Para pôr fim à vacatura presidencial, assumiu interinamente o presidente do parlamento, objetivando a realização das eleições presidências, que acabaram por ser interrompidas por mais um golpe de Estado, sob as mais diversas alegações, preterindo mais uma vez o diálogo.

Recorrentemente, ouvimos declarações eloquentes verbalizadas por algumas individualidades que se arvoram em democratas, mas cujas práticas distam a léguas do verdadeiro sentido da democracia. Esquecem-se que, a democracia não é uma mera questão semântica, mas sim, um conjunto de procedimentos constantes, baseados no respeito à vontade popular. Não podemos nos conformar com o cenário de que nenhum presidente eleito ou governo termine o seu mandato. É inaceitável.

Em que pese a nossa democracia ser muito jovem, já deveria emanar alguns sinais de maturidade, por se tratar de uma aprendizagem constante, posto que, melhor que a democracia é só a democracia melhorada. Para isso, precisamos de pessoas com mentes e espíritos desarmados, dispostos a aprender e a ensinar com os seus atos exemplares, sem medo de errar, pois, errar é o humano, evitando assim, cometer reiteradamente os mesmos erros. Devemos ter a consciência cívica de que precisamos respeitar as opiniões divergentes, por mais que a priori, nos pareçam totalmente absurdas.
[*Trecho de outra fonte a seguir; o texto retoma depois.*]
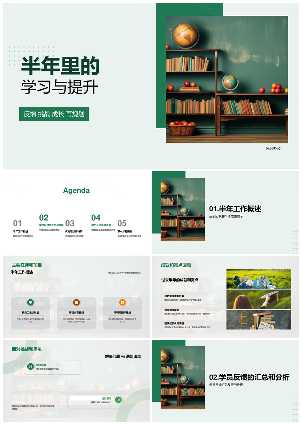 这是一张半年学习成长挑战反馈再规划学员满意服务建议优秀培训师PPT模板,包含半年、学习、成长、挑战、反馈、再规划、学员、满意、服务、建议、优秀、培训师等主题内容,也可用作半年学习成长挑战、学习成长挑战反馈、挑战反馈再规划学员、学员满意服务建议、服务建议优秀培训师、成长挑战反馈再规划、反馈再规划学员满意、再规划学员满意服务、满意服务建议优秀、半年学习成长、学习成长挑战、挑战反馈再规划、学员满意服务、满意服务建议、优秀培训师等PPT场景使用。 风云办公提供的半年学习成长挑战反馈再规划学员满意服务建议优秀培训师PPT模板,下载格式为pptx,一共23页,作品中文字及图均可以修改和编辑,图片更改请在作品中右键图片并更换,文字修改请直接点击文字进行修改。

Devemos ainda entender que, as cores partidárias, todas elas sem exceção, não devem, a pretexto nenhum, sobrepujar os interesses da coletividade. Para isso, faz-se necessária a consciência de que o conflito de opiniões deve cessar no campo da discordância, sem necessidade de uso de expediente antidemocráticos para fazer valer a nossa opinião.  
Todos os episódios acima e mais outros não enumerados, ilustram o quadro de intolerância e desconfiança que se instalou num pequeno país como o nosso.

Não existe alternativa para melhorar o nosso país que não passe pela tolerância, respeito à diversidade de todas as ordens, combate ao espírito de arrogância e prepotência na gestão de coisa pública. Devemos trabalhar constantemente na busca de soluções pacíficas para os nossos problemas, que não são poucos, mediante comportamento e uso de linguagens moderadas, deixando de lado vocabulários agressivos, com tons de intimidação, como forma de fazer-nos respeitar.

Devemos assumir um compromisso com a nação e as gerações vindouras, em construir um legado democrático que torne a Guiné-Bissau um país cordial e menos hostil ao seu próprio povo. Certa vez, estava eu a conversar com um cidadão estrangeiro, originário de um país africano, que fez uma piada sem graça, aduzindo que o “emprego” mais perigoso do mundo era o de presidente da Guiné-Bissau. Mas, entendo que a violência politica recorrente no nosso país é que oportuniza esse tipo de comentários.
Vamos trabalhar em conjunto, sem olhar a quem, para conseguirmos retirar o nosso país do fosso em que se encontra.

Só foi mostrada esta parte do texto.